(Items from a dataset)
============

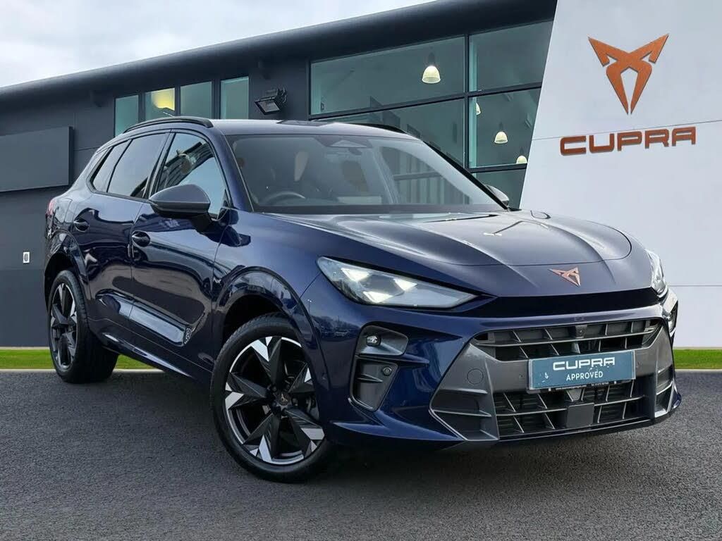 Metallic - Cosmos blue,Dark tinted rear windows,Electric front/rear windows,Heat reflecting windscreen,Rain sensing wipers,Rear wash/wipe,Black roof rails,Rear side wing doors,CUPRA 3D rear lights with ceremony & swiping indicator and illuminated logo,Daytime running lights with automatic headlight control and Coming and Leaving home function,Dynamic headlight range control,Front fog lamps with cornering function,High beam assist,LED headlamps with signature "CUPRA LED",Rear fog light on one side,back up light on both sides,Third brake light,Welcome lights (within exterior mirror housing),Brake control system - ESC and brake booster,Electronic parking brake,Front and rear disc brakes,Adaptive cruise control with follow-to-stop and speed limiter,Advanced driver alert system,Advanced lane assist with semi-automatic vehicle control in a medical emergency and traffic jam assist,Driving profile selection and conventional shock absorber,Dynamic road sign display,Front and rear parking sensors,Front assist (Forward collision warning with automatic braking) with multifunction camera and front cross traffic assist,Intelligent park assist,Rear traffic assist,Side and exit assist,Speed sensitive power steering,Top view camera (front camera,rear camera,2 side cameras),Auto dimming rear view mirror,Door mirrors with memory function and lowing function on passenger mirror,Electrically adjustable,heated and folding door mirrors,3 point seatbelts in front with pretensioner and electric height adjustment,3 point seatbelts on all rear seats,Child proof door locks,Driver and front passenger airbags,Front interaction airbag,Front passenger airbag deactivation switch,Front side airbags with curtain airbags,Pre-crash front and rear seat belt tensioner,window closure and hazard lights,Tyre pressure monitoring system,Visual and acoustic seat belt reminder,electric contact in front and rear,E-call,Electric tailgate with virtual pedal,Start/stop system with regenerative braking,Wireless phone charger,10.25" digital cockpit and configurable dashboard,Emergency steering support with turn assist,Head up Display,Media system with Nav - 12.9" touch display,voice control,full link phone (wired/wireless),DAB and Steering wheel mounted controls,Black decorative trims,Chrome interior detailing,3 seat bench in 2nd row,Driver seat memory function,Electrically adjustable front seats including lumbar support,Front and rear head restraints,Heated front seats,Isofix,Single front passenger seat,Unsplit rear seat bench,split folding backrest,with centre armrest,Three zone climate control with control panel in rear,Black roof lining,Cupra sports pedals,Dinamica cloth upholstery,Four x USB Type C ports (2 in front and 2 in rear),Front centre armrest,Heated leather wrapped multi function sports steering wheel with tiptronic,Illuminated interior front door sills,Operating voltage 12V,Variable luggage/load compartment floor,Front and rear reading lights X 4,Smart wraparound interior lighting,Sunvisors with illuminated mirror,Anti theft alarm,Keyless locking and starting system with keyless access,Locking wheel bolts,19" Spectrum exclusive machine alloy wheels,Tool kit
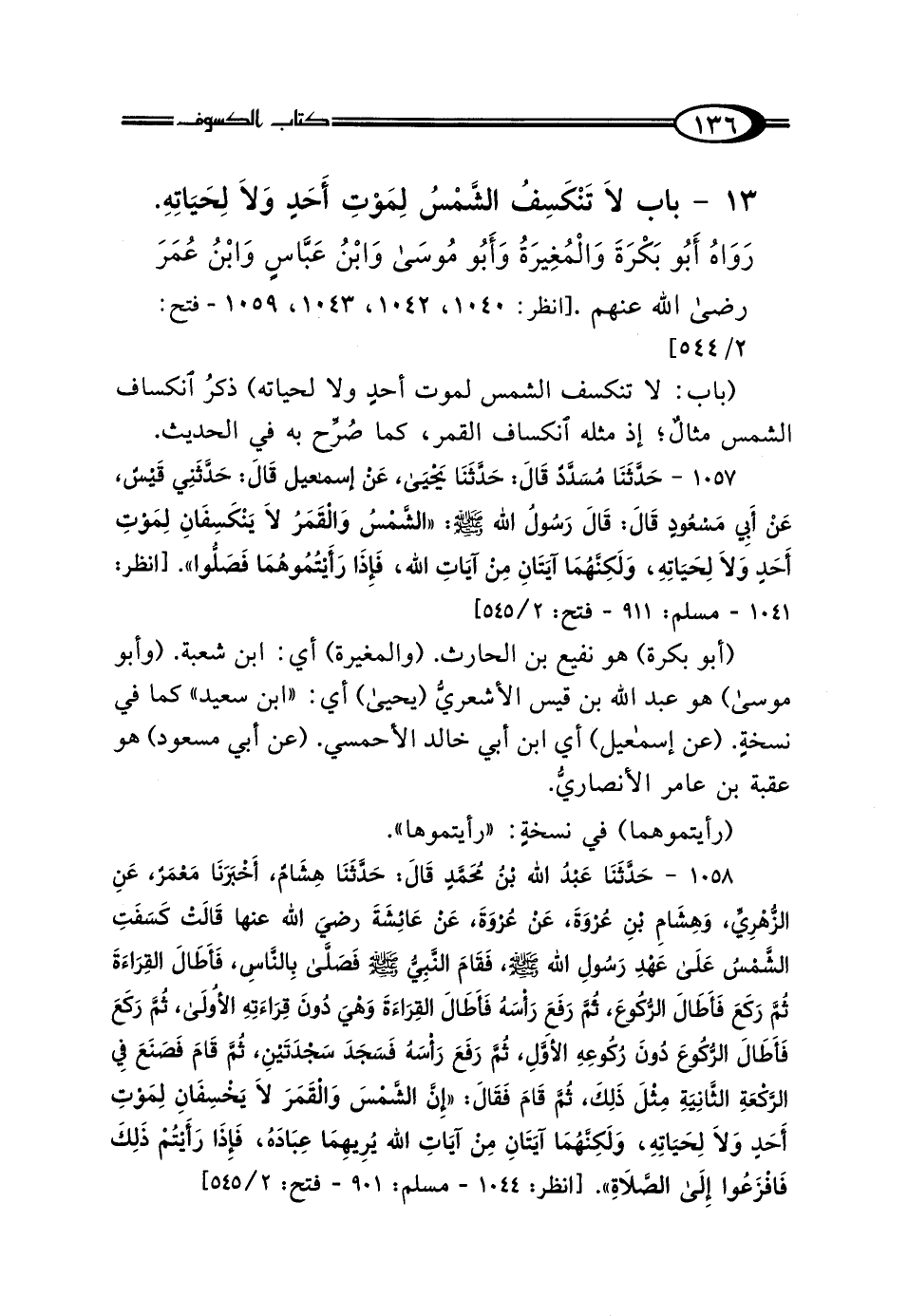 13 - بَابٌ: لَا تَنْكَسِفُ الشَّمْسُ لِمَوْتِ أَحَدٍ وَلَا لِحَيَاتِهِ
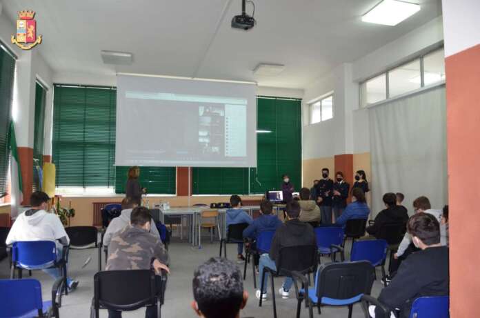 I Referenti della Questura hanno utilizzato strumenti multimediali per al trattazione delle materie di argomento; gli studenti, di cui una parte in presenza ed altri in collegamento “streaming”, hanno mostrato una vivace attenzione alle tematiche trattate, ponendo numerose domande di chiarimento e di approfondimento.
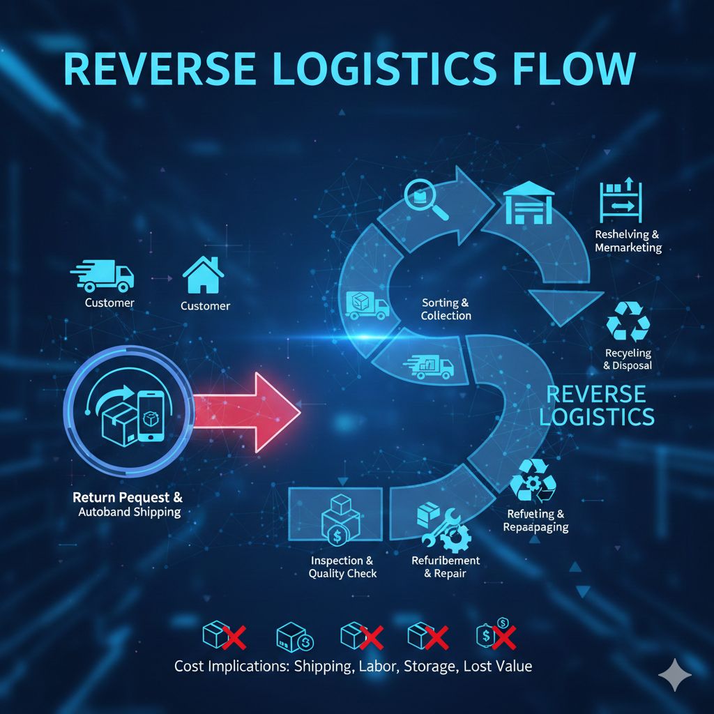 - تكاليف اللوجستيات العكسية: وهي عملية مكلفة تشمل الفرز، إعادة التعبئة، وتحديث المخزون.
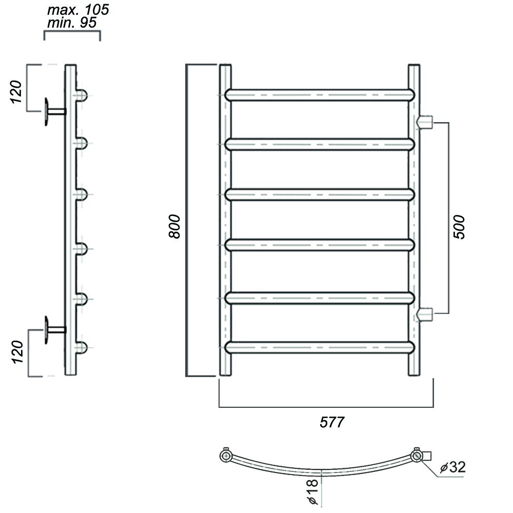 М/о расстояние (межосевое расстояние): 500Количество перекладин: 6Коллекция: КалипсоТип: водяныеЦвет: хромШирина (мм): 577Высота (мм): 800Глубина (мм): 105-95Вес: 5,1Объем: 0,0048Тэн/подключение: боковоеСтрана: РоссияГарантия: 10 лет
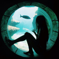 The picture shows a silhouette of a girl sitting with her legs outstretched, appearing to be looking at fish through a glass window that is part of an underwater viewing area. There are multiple fish visible in the water beneath her gaze.
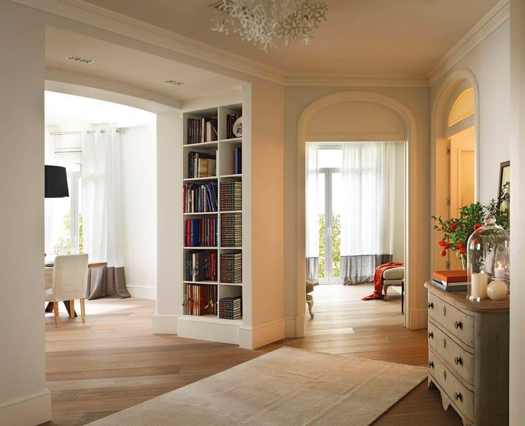 Многие предпочитают такой вариант за его мягкость, отсутствие острых углов, это делает переходы между комнатами более незаметными. Идеально вписывается арка при выходе в холл, если он достаточно широкий, перемещение между помещениями будет незаметным.
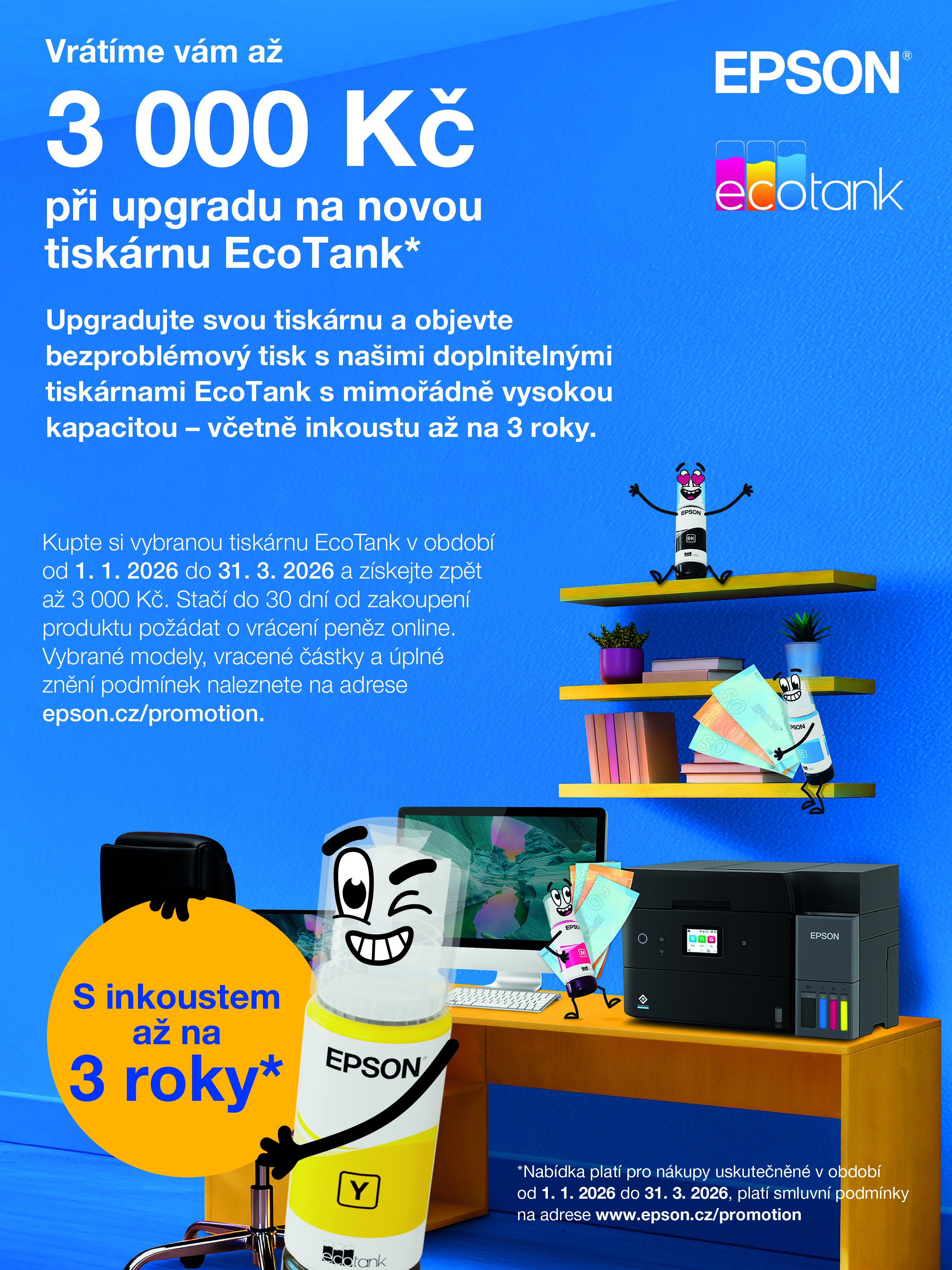 | Anotace | Kupte si vybranou tiskárnu EcoTank v období od 1. 1. 2026 do 31. 3. 2026 a získejte zpět až 3 000 Kč. Podrobné informace a smluvní podmínky na adrese www.epson.cz/promotion. |
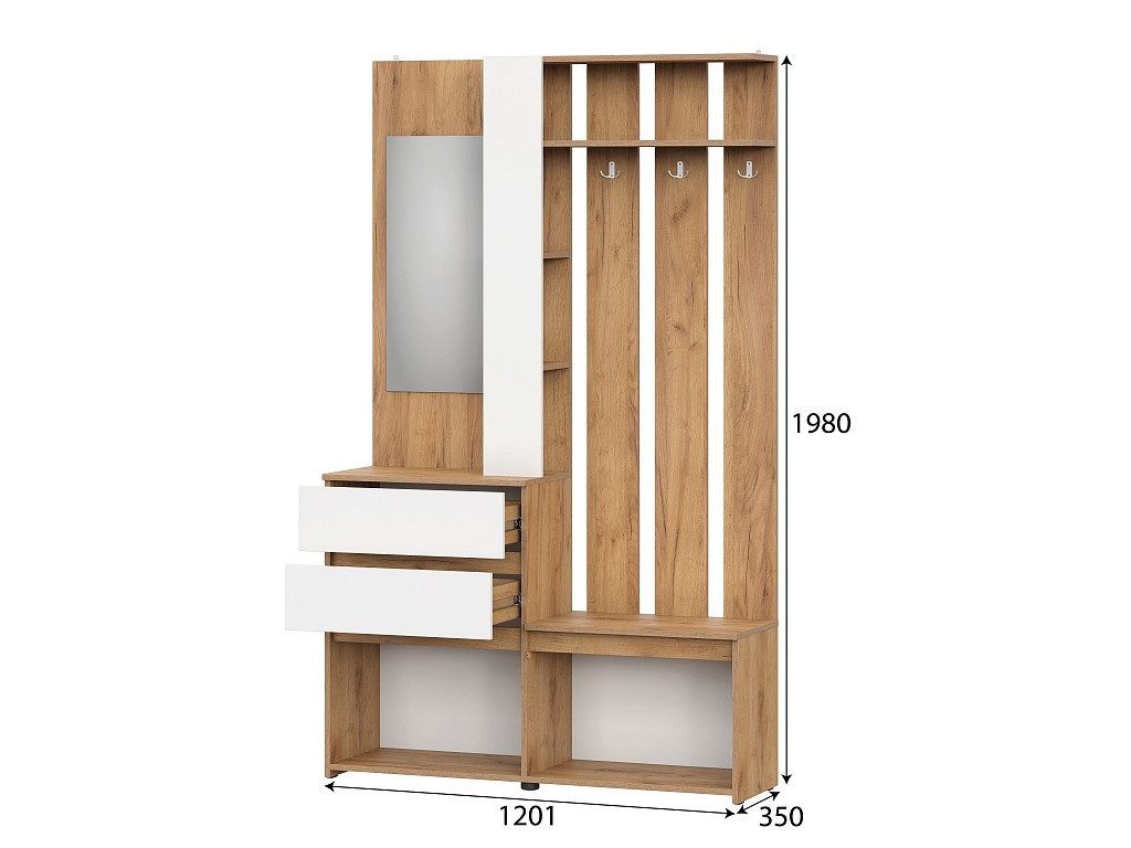 - Вешалка с зеркалом Некст 1 Дуб Золотой/Белый

============

Problem to solve ▸ Your task is to transcribe exactly the lines from the one containing "М/о расстояние (межосевое" through the final line of the entries above, pictures excluded.

Problem solution ▸
 М/о расстояние (межосевое расстояние): 500Количество перекладин: 6Коллекция: КалипсоТип: водяныеЦвет: хромШирина (мм): 577Высота (мм): 800Глубина (мм): 105-95Вес: 5,1Объем: 0,0048Тэн/подключение: боковоеСтрана: РоссияГарантия: 10 лет
 The picture shows a silhouette of a girl sitting with her legs outstretched, appearing to be looking at fish through a glass window that is part of an underwater viewing area. There are multiple fish visible in the water beneath her gaze.
 Многие предпочитают такой вариант за его мягкость, отсутствие острых углов, это делает переходы между комнатами более незаметными. Идеально вписывается арка при выходе в холл, если он достаточно широкий, перемещение между помещениями будет незаметным.
 | Anotace | Kupte si vybranou tiskárnu EcoTank v období od 1. 1. 2026 do 31. 3. 2026 a získejte zpět až 3 000 Kč. Podrobné informace a smluvní podmínky na adrese www.epson.cz/promotion. |
 - Вешалка с зеркалом Некст 1 Дуб Золотой/Белый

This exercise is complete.